机器学习异常值检测

内部AI (Inside AI)

In the world of data, we all love Gaussian distribution (also known as a normal distribution). In real-life, seldom we have normal distribution data. It is skewed, missing data points or has outliers.

在数据世界中，我们都喜欢高斯分布(也称为正态分布)。在现实生活中，很少有正态分布数据。它歪斜，缺少数据点或有异常值。

As I mentioned in my earlier article, the strength of Scikit-learn inadvertently works to its disadvantage. Machine learning developers esp. with relatively lesser experience implements an inappropriate algorithm for prediction without grasping particular algorithms salient feature and limitations. We have seen earlier the reason we should not use the decision tree regression algorithm in making a prediction involving extrapolating the data.

正如我在前一篇文章中提到的那样，Scikit-learn的优势在无意中起到了不利的作用。机器学习开发人员，尤其是。经验相对较少的人在不掌握特定算法的显着特征和局限性的情况下，实施了不合适的预测算法。前面我们已经看到了在进行涉及外推数据的预测时不应使用决策树回归算法的原因。

The success of any machine learning modelling always starts with understanding the existing dataset on which model will be trained. It is imperative to understand the data well before starting any modelling. I will even go to an extent to say that the prediction accuracy of the model is directly proportional to the extent we know the data.

任何机器学习建模的成功总是始于了解将在其上训练模型的现有数据集。必须在开始任何建模之前充分了解数据。
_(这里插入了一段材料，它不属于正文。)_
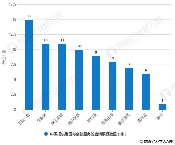2018年中国提供增值与创新服务的直销银行数量统计情况

我什至会在某种程度上说模型的预测准确性与我们知道数据的程度成正比。

Objective

目的

In this article, we will see the effect of outliers on various regression algorithms available in Scikit-learn, and learn about the most appropriate regression algorithm to apply in such a situation. We will start with a few techniques to understand the data and then train a few of the Sklearn algorithms with the data. Finally, we will compare the training results of the algorithms and learn the potential best algorithms to apply in the case of outliers.

在本文中，我们将看到异常值对Scikit-learn中可用的各种回归算法的影响，并了解适用于这种情况的最合适的回归算法。我们将从几种了解数据的技术入手，然后根据数据训练一些Sklearn算法。最后，我们将比较算法的训练结果，并学习适用于异常值的潜在最佳算法。

Training Dataset

训练数据集

The training data consists of 200,000 records of 3 features (independent variable) and 1 target value (dependent variable). The true coefficient of the features 1, feature 2 and feature 3 is 77.74, 23.34, and 7.63 respectively.

训练数据包含200,000条具有3个特征(独立变量)和1个目标值(独立变量)的记录。特征1，特征2和特征3的真实系数分别为77.74、23.34和7.63。

Image for post — Training Data — 3 Independent and 1 Dependent Variable

Step 1- First, we will import the packages required for data analysis and regressions.

步骤1- 首先，w e将导入数据分析和回归所需的软件包。

We will be comparing HuberRegressor, LinearRegression, Ridge, SGDRegressor, ElasticNet, PassiveAggressiveRegressor and Linear Support Vector Regression (SVR), hence we will import the respective packages.

我们将比较HuberRegressor，LinearRegression，Ridge，SGDRegressor，ElasticNet，PassiveAggressiveRegressor和Linear Support Vector Regression(SVR)，因此将分别导入软件包。

Most of the time, few data points are missing in the training data. In that case, if any particular features have a high proportion of null values then it may be better not consider that feature. Else, if a few data points are missing for a feature then either can drop those particular records from training data, or we can replace those missing values with mean, median or constant values. We will import SimpleImputer to fill the missing values.

大多数时候，训练数据中很少有数据点缺失。在那种情况下，如果任何特定功能具有高比例的空值，则最好不要考虑该功能。否则，如果某个功能缺少一些数据点，则可以从训练数据中删除那些特定的记录，或者我们可以将这些丢失的值替换为均值，中值或常数。我们将导入SimpleImputer来填充缺少的值。

We will import the Variance Inflation Factor to find the severity of multicollinearity among the features. We will need Matplotlib and seaborn to draw various plots for analysis.

我们将导入方差通货膨胀因子以找到特征之间多重共线性的严重性。我们将需要Matplotlib和seaborn绘制各种图进行分析。

from sklearn.linear_model import HuberRegressor,LinearRegression ,Ridge,SGDRegressor,ElasticNet,PassiveAggressiveRegressorfrom sklearn.svm import LinearSVRimport pandas as pd
from sklearn.impute import SimpleImputer
from statsmodels.stats.outliers_influence import variance_inflation_factor
import numpy as np
import matplotlib.pyplot as plt
import seaborn as sns

Step 2- In the code below, training data containing 200.000 records are read from excel file into the PandasDataframe called “RawData”. Independent variables are saved into a new DataFrame.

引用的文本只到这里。